La Chine n'a pas connu de solution de continuité entre le stade technico-magique de la métallurgie et l'apparition de l'alchimie.

Les confréries de forgerons chinois, détenteurs du plus prestigieux des arts magiques, ont exercé, comme l'a montré Granet, une influence directe et profonde sur les premières conceptions alchimiques taoïstes. Par leurs principaux aspects, ces théories et ces pratiques remontent à la lointaine préhistoire. L'art du feu a formé, pendant des millénaires, l'essentiel du savoir humain. Les confréries qui mirent en œuvre les métaux, après celles qui taillèrent et polirent les pierres, s'étaient transmis initiatiquement l'héritage magique et technique ancestral. Des pratiques protochamaniques de danses mimétiques immémoriales ont été conservées dans les exercices étranges des taoïstes qui se proposaient de retrouver la spontanéité première en même temps que les pouvoirs perdus par l'homme civilisé.

Chez les taoïstes, comme le souligne Kaltenmark, « si le fourneau alchimique est l'héritier de la forge magique, l'immortalité n'est plus, du moins depuis les seconds Han, le résultat d'un sacrifice à la forge, de la fonte rituelle.
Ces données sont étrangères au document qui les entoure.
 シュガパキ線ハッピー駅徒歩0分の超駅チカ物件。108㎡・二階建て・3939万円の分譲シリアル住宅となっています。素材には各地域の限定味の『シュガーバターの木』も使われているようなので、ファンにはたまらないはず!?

Elle est acquise à celui qui sait produire le « divin cinabre ». À partir de ce moment, on eut un nouveau moyen de se diviniser : il suffisait d'absorber l'or potable ou le cinabre pour devenir semblable aux dieux ».

Mais, en réalité, le problème est moins de savoir si des intuitions rencontrées à l'état élémentaire dans les mythologies et les rites des fondeurs et des forgerons ont été reprises et interprétées par les alchimistes, que d'essayer de comprendre pourquoi cette interprétation est demeurée relativement stable et cohérente dans une société donnée. Seule, la structure féodale permet d'expliquer qu'une distribution des valeurs et un mode de cohésion logique typiques d'une représentation des structures de l'univers aient été ressentis et expérimentés aussi bien par les premiers alchimistes chinois que par les ancien [...]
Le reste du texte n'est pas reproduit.